Abstract
Complete deficiency of a member of the type II transmembrane serine protease family, tmprss1 (also known as hepsin), is associated with severe to profound hearing loss in mice and a gross enlargement of the tectorial membrane in the cochlea. Levels of thyroxine in these mice have been shown to be significantly lower compared to wild type controls. Since thyroxine is critical for inner ear development, we delivered thyroxine to these mice during the prenatal or postnatal stage of development. Both treatments could not ameliorate hearing loss or correct deformities in the tectorial membrane of these mutant mice, suggesting that a deficiency in tmprss1 affects thyroxine responsiveness in the inner ear in vivo.
Keywords: transmembrane serine protease, hepsin, tectorial membrane, hypothyroidism, cochlea, thyroid hormones, resistance to thyroid hormones
INTRODUCTION
Distinct members of the type II transmembrane serine protease (TMPRSS), tmprss1 and tmprss3, are important for hearing. It is unclear how these proteases contribute to hearing but emerging data have shown that mutations in the tmprss3 cause non-syndromic congenital and childhood onset autosomal recessive deafness [1,2] whereas a complete deficiency in tmprss1 in mice leads to hearing loss and inner ear defects [3]. These defects include a grossly enlarged tectorial membrane - an extracellular sheet overlying the organ of Corti with an important role in amplifying low-level signals from outer hair cells; as well as a reduced myelination of the auditory nerve [3,4]. These pathologies are also present in hypothyroidism [5,6]. Congenital or drug-induced hypothyroidism is known to affect the proper development and function of the auditory system [4-7]. Because free serum thyroxine (T4) levels in tmprss1−/− mice were found to be significantly depressed [3], we administered thyroxine to these mice to determine if it could potentially rescue their auditory deficits.
MATERIALS AND METHODS
Mouse colony
We crossed a male tmprss1−/− mouse to a female tmprss1+/+ mouse to obtain heterozygote offsprings.
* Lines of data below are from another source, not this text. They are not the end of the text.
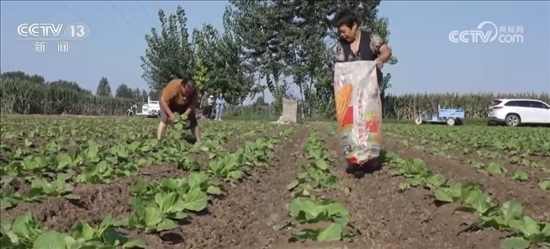 小義和莊村黨支部書記 王宇:我村在8月12號(改)種的白菜是240畝,水、肥、藥必須保障,在10月25號左右就到了收獲(期),現(xiàn)在每家每戶白菜的長勢都挺好。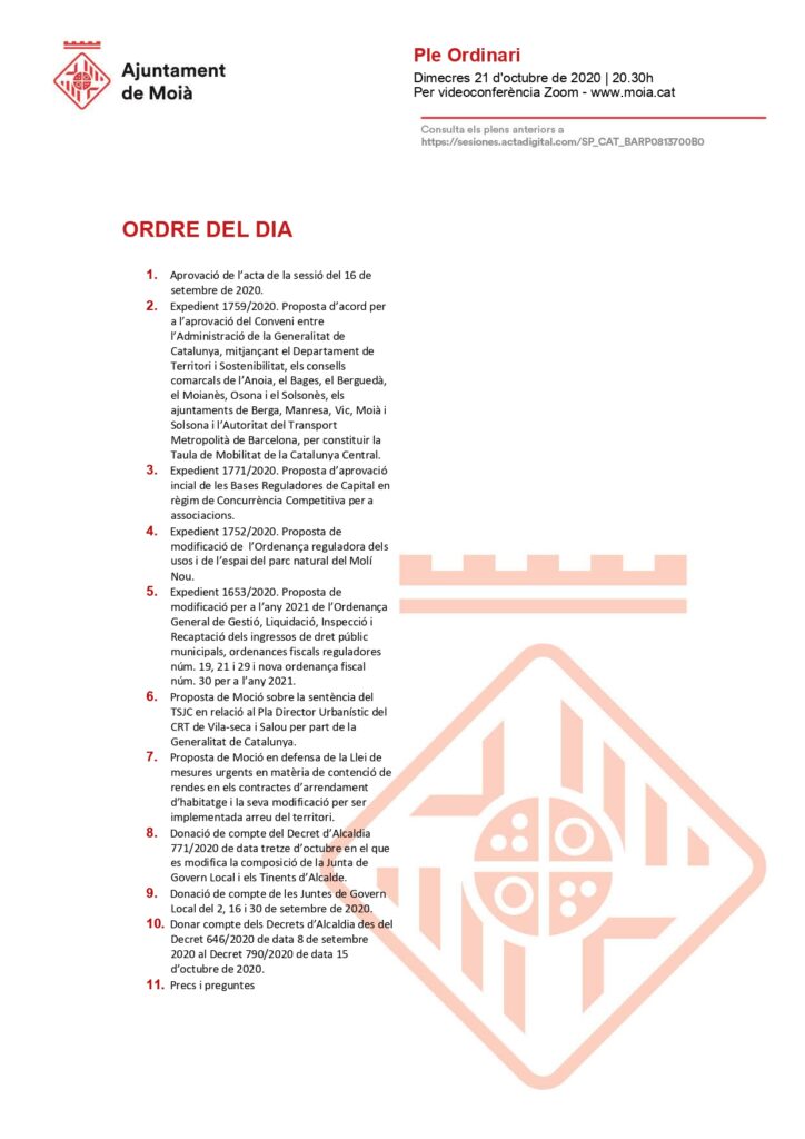L’Ajuntament de Moià convoca un Ple en sessió ordinària dimecres 21 d’octubre a les 20.30h, per videoconferència.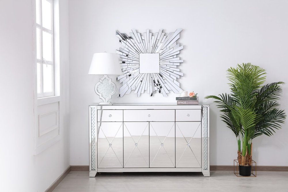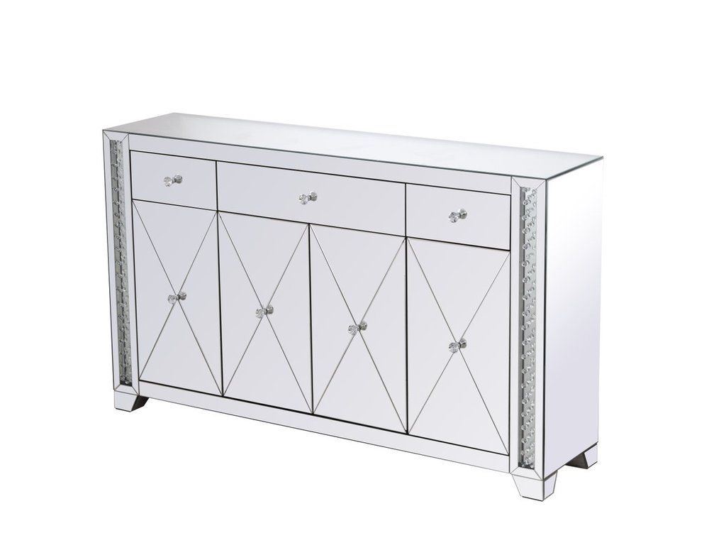 With 4 doors in bold criss-cross symmetry, measuring W60"xD14"xH36”, this modern credenza can decorate any dining room or narrow hallway and still yield plenty of storage space. With the gleaming beveled mirror surfaces and crushed diamond-like clear crystal inlay border, it opens up the visual space in the room while imbuing it with glamour. The jewel-like crystal door knobs exude sheer luxury. Fully assembled.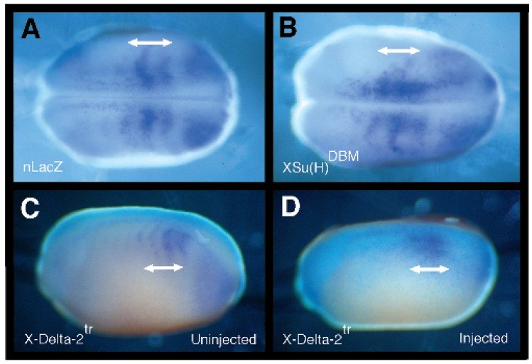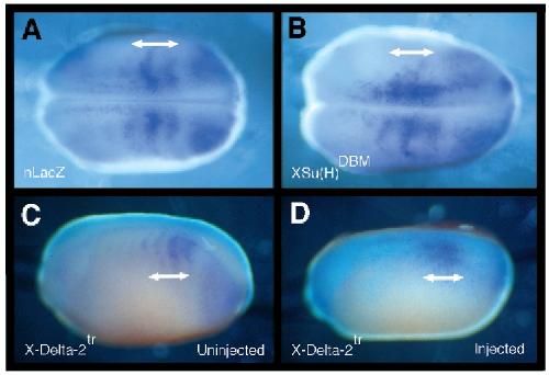 (C,D) Embryo injected with a mixture of nlacZ and X-Delta-2tr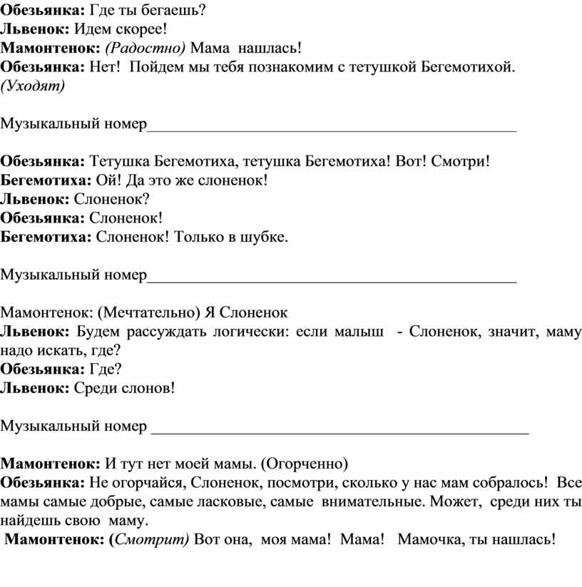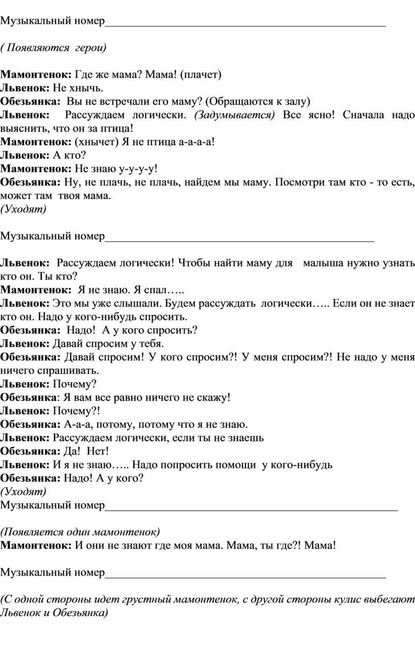 Выходит Настя в костюме Мамонтенка исполняет песню. По окончании песни на сцену выбегает ____________ в костюме обезьянки, бегает вокруг Мамонтенка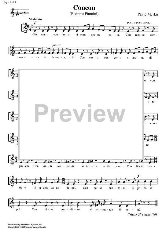"Concon" Sheet Music by Pavle Merkù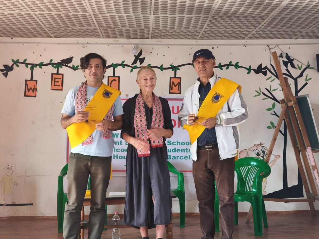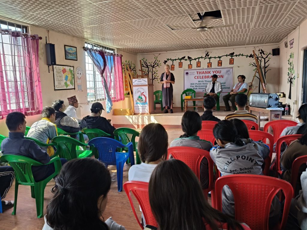 Me complace compartir algunas fotos de la breve celebración de agradecimiento en la Escuela Secundaria Hill Point de Pokhara, Nepal, personalmente y en nombre de Oak House School Barcelona, por recibir a un grupo de 21 estudiantes de OHS y 3 profesores el verano pasado durante su viaje de 3 semanas a Nepal.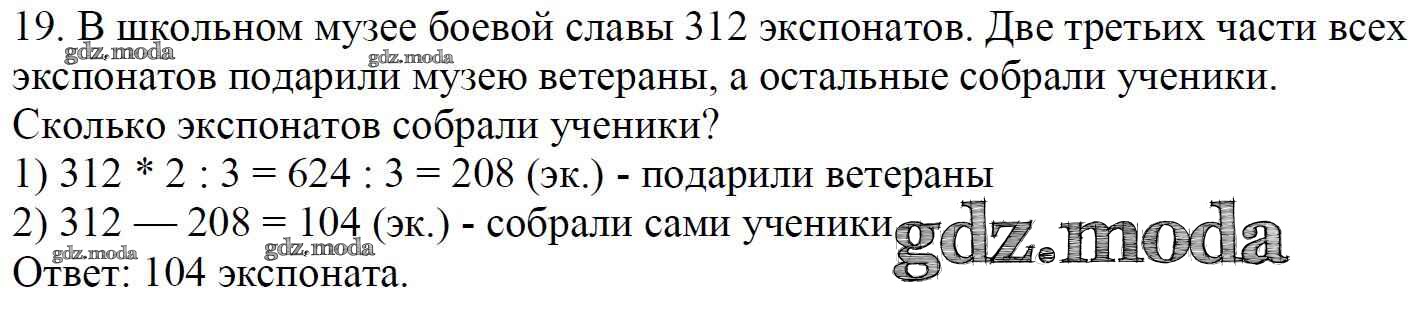 ОТВЕТ на задание № 19 Учебник по Математике 4 класс Моро Школа России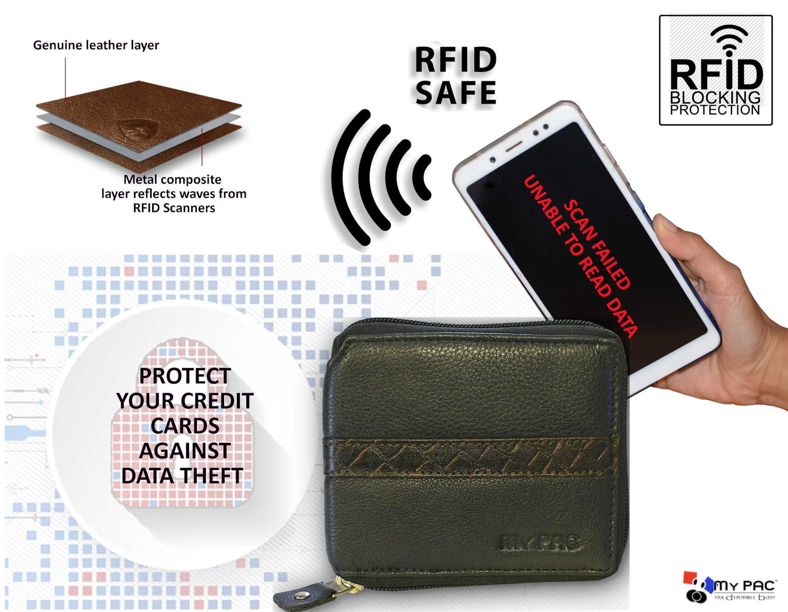 • RFID BLOCKING SECURITY: This wallet will protect unauthorised scanning of your valuable credit or debit cards by thieves that want to steal your private data. These wallets have an advanced RFID SECURE Technology, a unique metal composite sandwich layer, which block 13.5 MHz or higher RFID signals and protect your valuable information stored on RFID chips cards.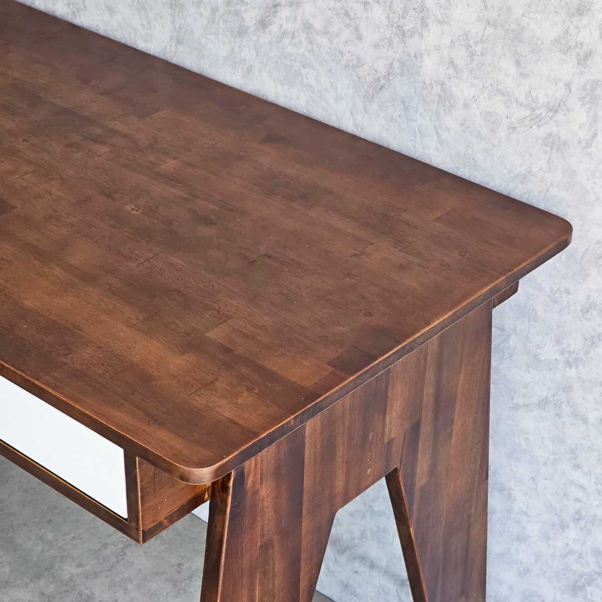 Bàn làm việc được làm hoàn toàn từ gỗ cao su và gỗ tràm AA, tiêu chuẩn gỗ cao nhất với vân gỗ đẹp mắt và cứng cáp. Gỗ cao su được xử lý bề mặt mịn màng giúp bạn cảm thấy dễ chịu khi sử dụng. Khung chân được làm bằng gỗ tràm, một loại gỗ tự nhiên chống cong vênh tốt, đảm bảo độ bền bỉ cho sản phẩm theo thời gian. Mặt bàn đã được xử lý mịn màng, phủ sơn bóng đẹp mắt, dễ dàng lau chùi, giữ cho vẻ đẹp tự nhiên của gỗ luôn được giữ gìn.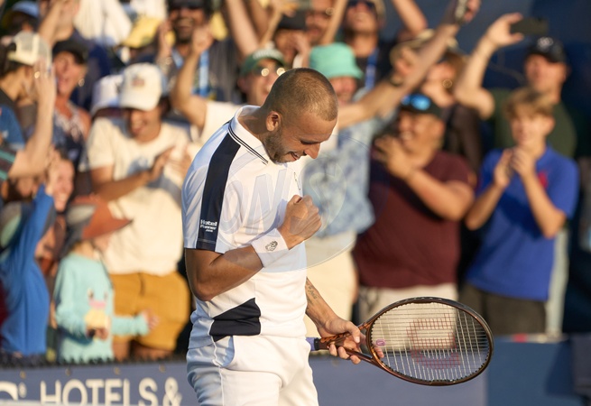Dan Evans celebrates match point against Karen Khachanov after the longest match in US Open history in the first round on court 6 at the 2024 US Open Tennis Championships at the National Tennis centre, New York, New York, 27 Aug 2024., Credit:Peter van den Berg / Avalon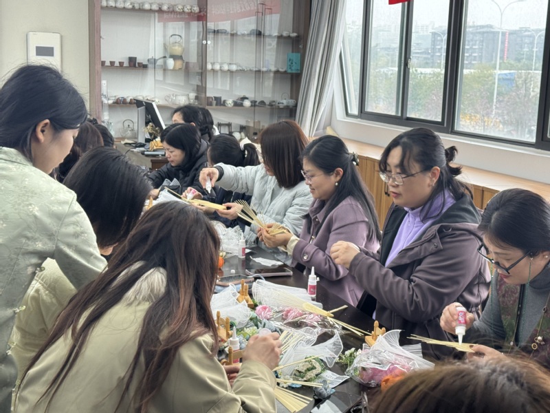 “百六芳华・簪花折扇”DIY 瞬间得到女教职工们的关注。素扇、仿绒花、缠花材料一一摆开,大家化身手工达人,凝神构思、巧手创作,将一朵朵精致小花缀于扇面,素白折扇变身独一无二的专属艺术品,指尖生花的同时,更邂逅了传统美学的温柔。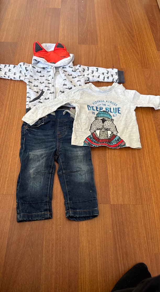 Gri baskılı uzun kollu, bisiklet yaka üst ile 'DEEP BLUE' yazılı, örme denim pantolon ve tilki kapüşonlu ceket içeren erkek bebek takımı.
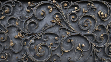 ornate swirls and patterns on vintage iron gate, created with generative ai

Matings between these offsprings generate tmprss1−/− and tmprss1+/+ breeders which were used to stock the colony. Mice were genotyped using polymerase chain reaction (PCR) as described [8]. Mice used in this study were approved by the animal ethics committees of the Royal Victorian Eye and Ear Hospital, the Walter Eliza Hall Institute of Medical Research, and the University of Melbourne Gene Technology and Biosafety Committee.
Thyroxine supplementation
For postnatal (P) treatment, newborn tmprss1+/+ and −/− mice were subcutaneously injected with 50ng T4 (Sigma Aldrich)/g body weight (BW) in 0.9% saline every 2nd day from P2 – P28. In prenatal treatments, 60-day release pellets containing different doses of T4 (5, 15 or 25 mg) or placebo (5, 15 or 25 mg) were purchased from Innovative Research America and implanted subcutaneously in tmprss1−/− dams. Implanted dams were mated with tmprss1−/− studs 2 weeks later.
Hearing measurements
At 5-6 weeks old, mice were anaesthetised intra-peritoneally with ketamine (75 mg/kg BW; Parnell Laboratories) and xylazil (7.5 mg/kg BW; Troy Laboratories). Computer-generated rarefaction clicks were channelled to a loud speaker positioned 10 cm from the pinna of the measured ear. The non-measured ear was covered with synthetic foam (Otoform, Dreve Otoplastik). Stimuli were presented at a rate of 33 per second and responses were amplified 105 fold and bandpass filtered (150 Hz – 3 kHz). Recording typically starts at 100 decibels peak equivalent sound pressure level (dB SPL) and nearer to the threshold; intensity was varied by 5 dB SPL to determine as accurately as possible the auditory brainstem response (ABR) threshold. ABR threshold was determined as the smallest stimulus level required to give peak-trough response amplitude of > 0.3 μV for wave II of the ABR. At each stimulus level, 500 responses were averaged and each recording was repeated to ensure consistency.
Histology
After ABR recordings, mice were sacrificed by CO2 euthanasia. Cochleae were rapidly dissected, fixed for 2 hrs in 4% paraformaldehyde, decalcified in 10% ethylene diamine tetra-acetic acid (pH7.4), and incubated overnight in 30% sucrose before embedding along the modiolar axis in OCT compound (Sakura). Cochleae were sectioned in 10 μm thickness and stained with haematoxylin and eosin. Cochlear sections separated by a distance of 20-50 μm were examined with a Zeiss Axioplan 2 microscope and a Zeiss Axio Cam camera. Control and treated cochleae in each experiment were treated equally.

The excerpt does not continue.